The guy muttered something, and waved the bottle back and forth a few times like a club.
“What are you going to do about it?”

“That is such a cliche,” Eric said. “Is that what you want to be? The guy in the movies that everyone is hoping will be kay-oh’ed? Come on. Quit hassling people. Just cut it out. Go for a walk and sober up or something.”

He could tell that it just wasn’t sinking in. The guy was just too wasted, and eventually somebody was going to get hurt.

He flicked two fingers on his hand downwards. The bouncers knew exactly what he meant. They came up quietly behind the guy, and each of them grabbed one arm and one leg. Up he went, briefly, and then gently right down to the floor with his arms pinned solidly behind him.

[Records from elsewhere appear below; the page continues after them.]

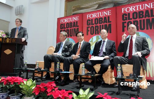2005北京《財(cái)富》全球論壇5月18日專門舉行“中國銀行業(yè)改革近況”會(huì)議,中國銀監(jiān)會(huì)主席劉明康(左三)、國家開發(fā)銀行行長陳元(右二)用嫻熟的英語坦誠地與麥肯錫公司亞洲區(qū)董事長鮑達(dá)民(左二)、安永會(huì)計(jì)師事務(wù)所合伙人羅德曼(右一)等人對話。作者:任晨鳴
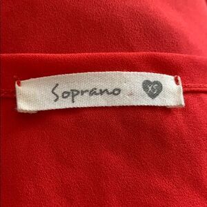 Sprano bright red-orange scoop neck top. Neckline band. Short drop sleeves. Flowing crepe-like fabric. No fabric content tag. Size XS. Excellent condition. Nonsmoking home.
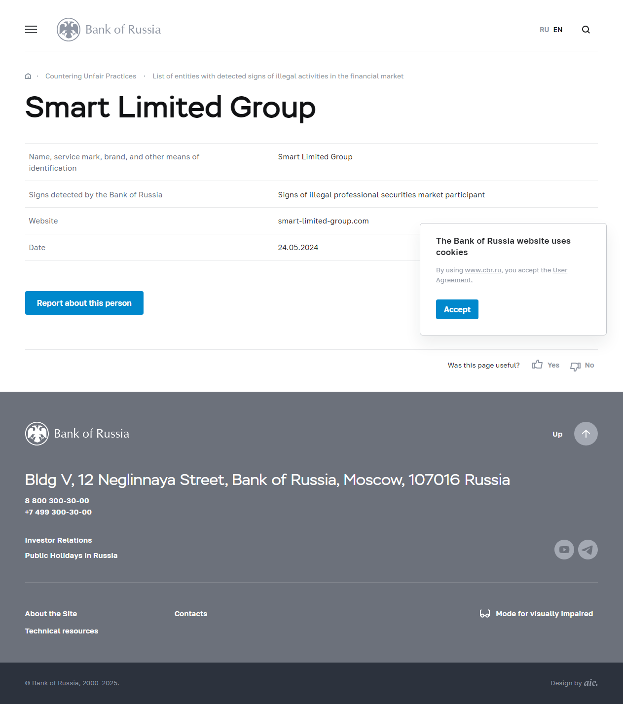 名称、服务标志、品牌及其他识别方式 Smart Limited Group 俄罗斯银行检测到的迹象 非法专业证券市场参与者的迹象 网站 smart-limited-group.com 日期 24.05.2024.

Eric sauntered forwards and completed the maneuver with a aid of a regulation pair of handcuffs.

Nice and simple.

“One of you guys want to help me haul him to the lockup to sober up?” he asked the bouncers. “I don’t think he can walk unassisted at this point, and he looks heavy. My back isn’t up to this stuff any more.”

Meanwhile, the drunk guy cussed from his reduced vantage point on the concrete floor.

“I’m getting too old for this nonsense,” he thought. Back on Earth, nightclub duty was for kids new to the force. Up here, with no real crime worth talking about, and only semi-official status, the tiny police force dealt mainly with drunks, mediating the occasional domestic dispute, or landing a partially-uniformed hand in a jam.

“How do you deal with this every night?” he asked. “I was too old for this the day I was born.”
“Its good exercise. You should work out more, or the low gee is going to waste you away completely.”

He shrugged. Whatever.

A few minutes later, they half dragged the guy into the lockup.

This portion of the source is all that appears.